What is not reasoning about this? Last year at this time, if I looked at my code with a two hour delta, and someone had pushed edits that were able to compile, with real improvements, I would not have any doubt that there was a reasoning, intelligent person who had spent years learning how this worked.
It is pattern matching? Of course. But why is that not reasoning? Is there some sort of emergent behavior? Also yes. But what is not reasoning about that?
I'm having actual coding conversations that I used to only have with senior devs, right now, while browsing HN, and code that does what I asked is being produced.
I think the biggest hint that the models aren't reasoning is that they can't explain their reasoning. Researchers have shown for explained that how a model solves a simple math problem and how it claims to have solved it after the fact have no real correlation. In other words there was only the appearance of reasoning.
People can't explain their reasoning either. People do a parallel construction of logical arguments for a conclusion they already reached intuitively in a way they have no clue how it happened. "The idea just popped into my head while showering" to our credit, if this post-hoc rationalization fails we are able to change our opinion to some degree.
3 replies →
Is this true though? I've suggested things that it pushed back on. Feels very much like a dev. It doesn't just dumbly do what I tell it.
1 reply →
I'm having actual coding conversations that I used to only have with senior devs, right now, while browsing HN, and code that does what I asked is being produced.
I’m using Opus 4 for coding and there is no way that model demonstrates any reasoning or demonstrates any “intelligence” in my opinion. I’ve been through the having conversations phase etc but doesn’t get you very far, better to read a book.
I use these models to help me type less now, that’s it. My prompts basically tell it to not do anything fancy and that works well.
> It will do something brilliant and another 5 dumb things in the same prompt.
it me
YOU are reasoning.
You raise a far point. These criticisms based on "it's merely X" or "it's not really Y" don't hold water when X and Y are poorly defined.
The only thing that should matter is the results they get. And I have a hard time understanding why the thing that is supposed to behave in an intelligent way but often just spew nonsense gets 10x budget increases over and over again.
This is bad software. It does not do the thing it promises to do. Software that sometimes works and very often produces wrong or nonsensical output is garbage software. Sink 10x, 100x, 1000x more resources into it is irrational.
Nothing else matters. Maybe it reasons, maybe it's intelligent. If it produces garbled nonsense often, giving the teams behind it 10x the compute is insane.
"Software that sometimes works and very often produces wrong or nonsensical output" can be extremely valuable when coupled with a way to test whether the result is correct.
> It does not do the thing it promises to do. Software that sometimes works and very often produces wrong or nonsensical output...
Is that very unlike humans?
You seem to be comparing LLMs to much less sophisticated deterministic programs. And claiming LLMs are garbage because they are stochastic.
Which entirely misses the point because I don't want an LLM to render a spreadsheet for me in a fully reproducible fashion.
No, I expect an LLM to understand my intent, reason about it, wield those smaller deterministic tools on my behalf and sometimes even be creative when coming up with a solution, and if that doesn't work, dream up some other method and try again.
If _that_ is the goal, then some amount of randomness in the output is not a bug it's a necessary feature!
You're right, they should never have given more resources and compute to the OpenAI team after the disaster called GPT-2, which only knew how to spew nonsense.
We already have highly advanced deterministic software. The value lies in the abductive “reasoning” and natural language processing.
We deal with non determinism any time our code interacts with the natural world. We build guard rails, detection, classification of false/true positive and negatives, and all that all the time. This isn’t a flaw, it’s just the way things are for certain classes of problems and solutions.
It’s not bad software - it’s software that does things we’ve been trying to do for nearly a hundred years beyond any reasonable expectation. The fact I can tell a machine in human language to do some relative abstract and complex task and it pretty reliably “understands” me and my intent, “understands” it’s tools and capabilities, and “reasons” how to bridge my words to a real world action is not bad software. It’s science fiction.

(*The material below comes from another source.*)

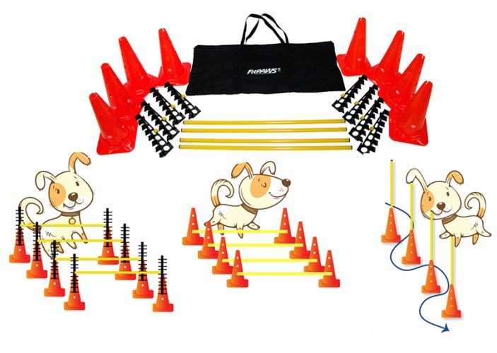 Dit behendigheidsset is van onschatbare waarde voor jouw eigen hond in de achtertuin, voor de reizende dierenrevalidatietherapeut of voor professionele hondentrainers. De set bestaat uit volledig verstelbare en draagbare kegels en hordes voor het trainen van de behendigheid van jouw honden. In de set zitten vier springbalken van 102 cm, acht goed zichtbare oranje kegels, acht opzetstukken om de hoogte aan te passen en een zwarte nylon draagtas. De set is geschikt voor gebruik binnen en buiten. De hoogte van de springbalken is verstelbaar van 5 tot 76 cm in intervallen van 5 cm. De set is perfect voor simpele revalidatie of voor meer uitdagende behendigheidstraining. De accessoires zijn licht van gewicht, zodat je ze gemakkelijk mee kunt nemen.

The fact “reliably” shows up is the non determinism. Not perfectly, although on a retry with a new seed it often succeeds. This feels like most software that interacts with natural processes in any way or form.
It’s remarkable that anyone who has ever implemented exponential back off and retry, has ever implemented edge cases, and sir and say “nothing else matters,” when they make their living dealing with non determinism. Because the algorithmic kernel of logic is 1% of programming and systems engineering, and 99% is coping with the non determinism in computing systems.
The technology is immature and the toolchains are almost farcically basic - money is dumping into model training because we have not yet hit a wall with brute force. And it takes longer to build a new way of programming and designing highly reliable systems in the face of non determinism, but it’s getting better faster than almost any technology change in my 35 years in the industry.
Your statement that it “very often produces wrong or nonsensical output” also tells me you’re holding onto a bias from prior experiences. The rate of improvement is astonishing. At this point in my professional use of frontier LLMs and techniques they are exceeding the precision and recall of humans and there’s a lot of rich ground untouched. At this point we largely can offload massive amounts of work that humans would do in decision making (classification) and use humans as a last line to exercise executive judgement often with the assistance of LLMs. I expect within two years humans will only be needed in the most exceptional of situations, and we will do a better job on more tasks than we ever could have dreamed of with humans. For the company I’m at this is a huge bottom line improvement far and beyond the cost of our AI infrastructure and development, and we do quite a lot of that too.
If you’re not seeing it yet, I wouldn’t use that to extrapolate to the world at large and especially not to the future.
>I think the main hesitancy is due to rampant anthropomorphism. These models cannot reason, they pattern match language tokens and generate emergent behaviour as a result
This is rampant human chauvinism. There's absolutely no empirical basis for the statement that these models "cannot reason", it's just pseudoscientific woo thrown around by people who want to feel that humans are somehow special. By pretty much every empirical measure of "reasoning" or intelligence we have, SOTA LLMs are better at it than the average human.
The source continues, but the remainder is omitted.